* **PROBLEM DETAILS**
The answer is to be the data that follows, transcribed exactly, minus its pictures.

──────── AVAILABLE DATA

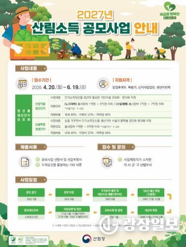 광장일보 주재영 기자 | 고흥군은 임산물 생산 기반 확충과 임업 경쟁력 강화를 위해 ‘2027년도 산림소득사업(임산물생산단지 규모화)’ 공모사업 신청을 오는 6월 19일까지 접수한다고 밝혔다.
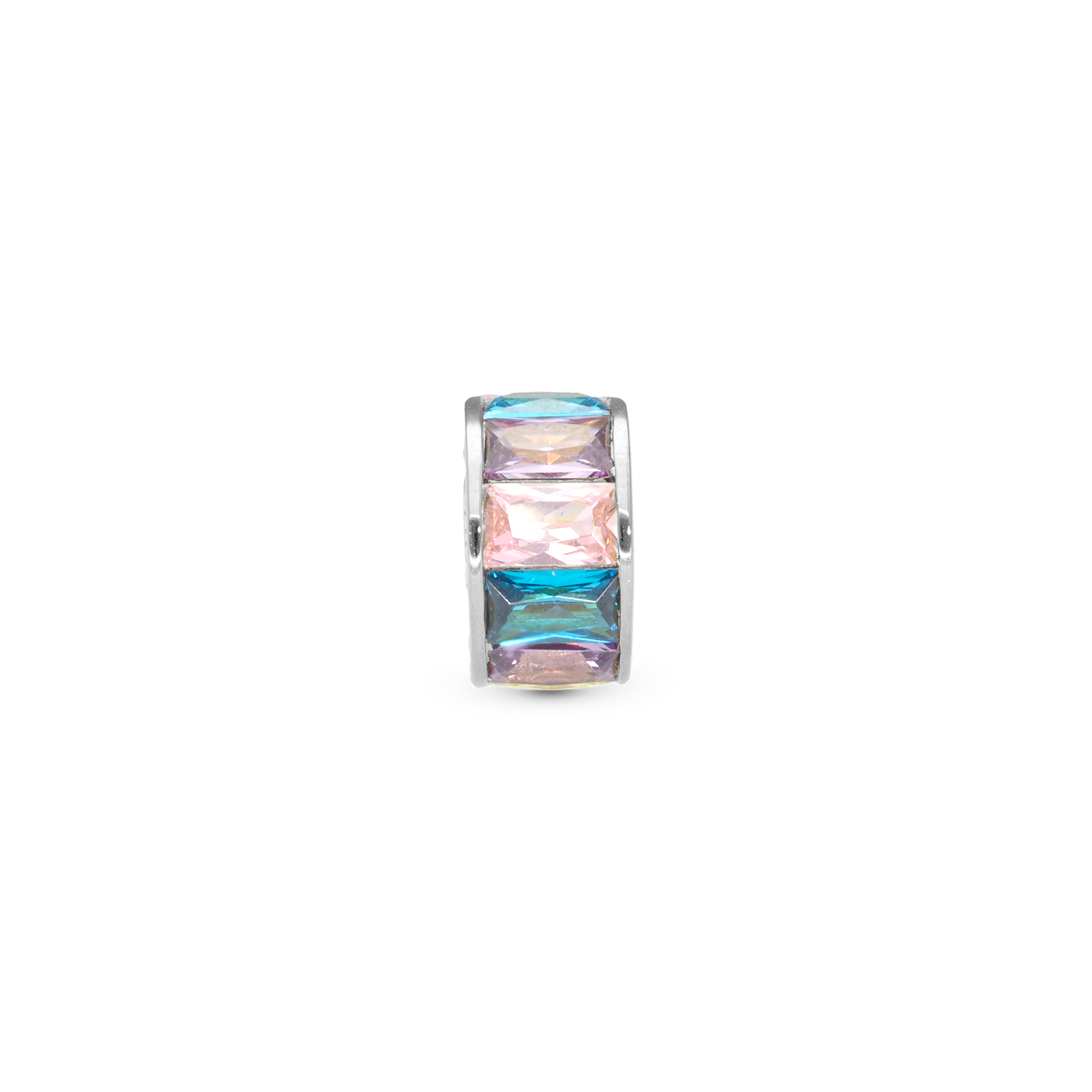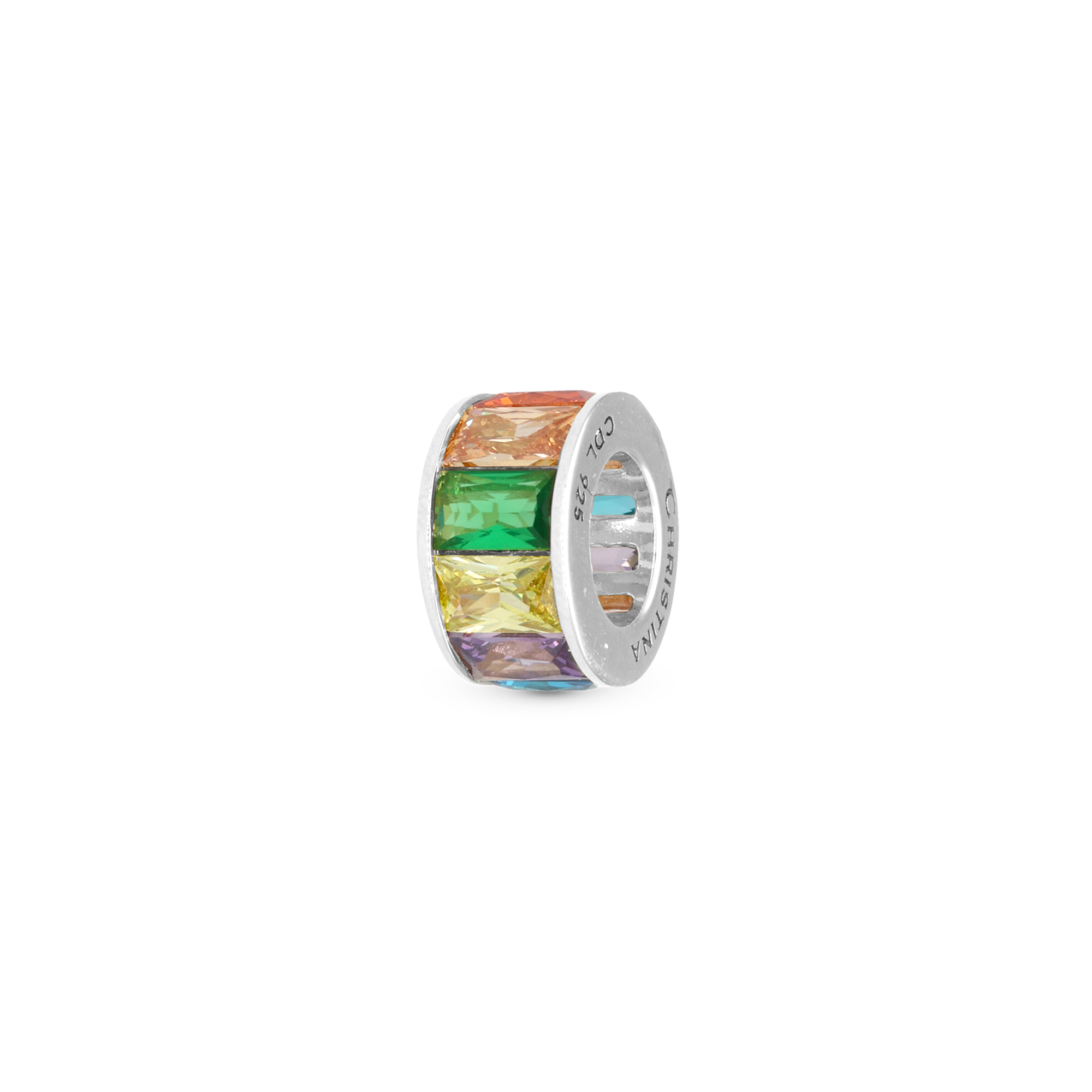 Multi color Baguette Charm 6 mm til Classic Læderarmbånd - Blankpoleret Sterling Sølv m. 10 Multi color Cubic Zirkonia
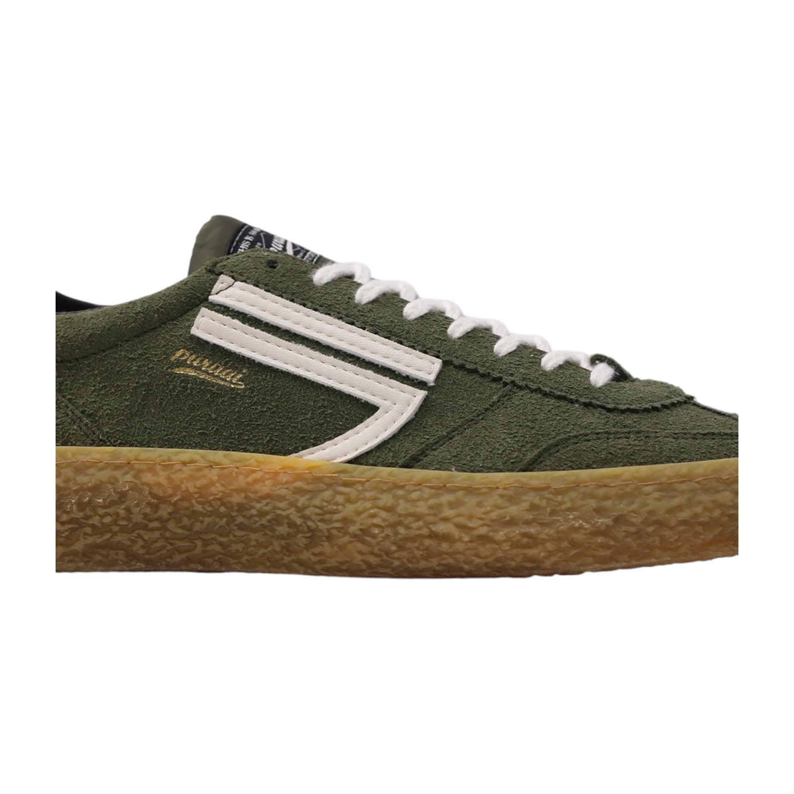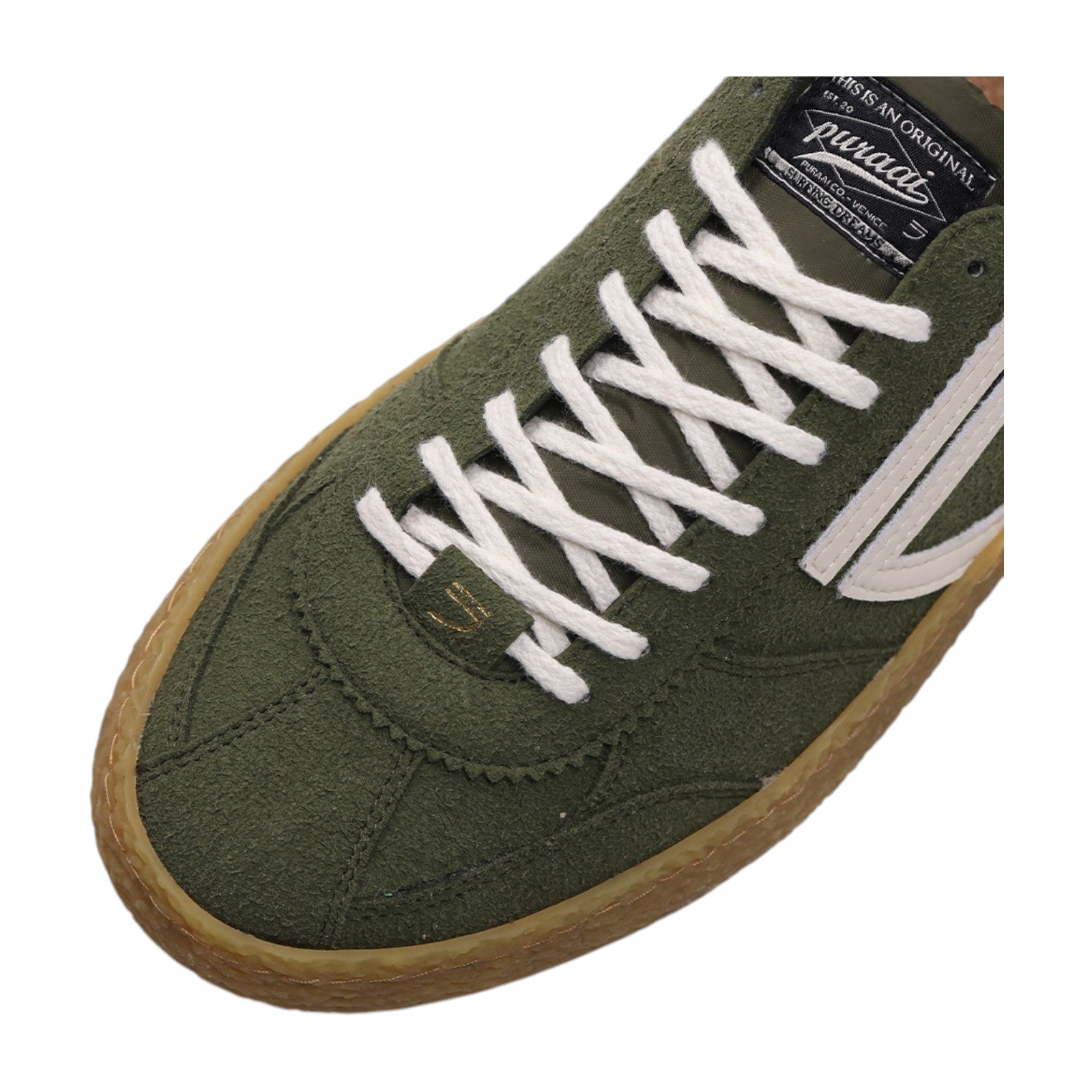 Microsuede peloso verde, logo bianco e dettagli neri.Suola color miele, doppio laccio verde e bianco. Finitura vintage.

────────────────

* **EXERCISE SOLUTION**
 광장일보 주재영 기자 | 고흥군은 임산물 생산 기반 확충과 임업 경쟁력 강화를 위해 ‘2027년도 산림소득사업(임산물생산단지 규모화)’ 공모사업 신청을 오는 6월 19일까지 접수한다고 밝혔다.
 Multi color Baguette Charm 6 mm til Classic Læderarmbånd - Blankpoleret Sterling Sølv m. 10 Multi color Cubic Zirkonia
 Microsuede peloso verde, logo bianco e dettagli neri.Suola color miele, doppio laccio verde e bianco. Finitura vintage.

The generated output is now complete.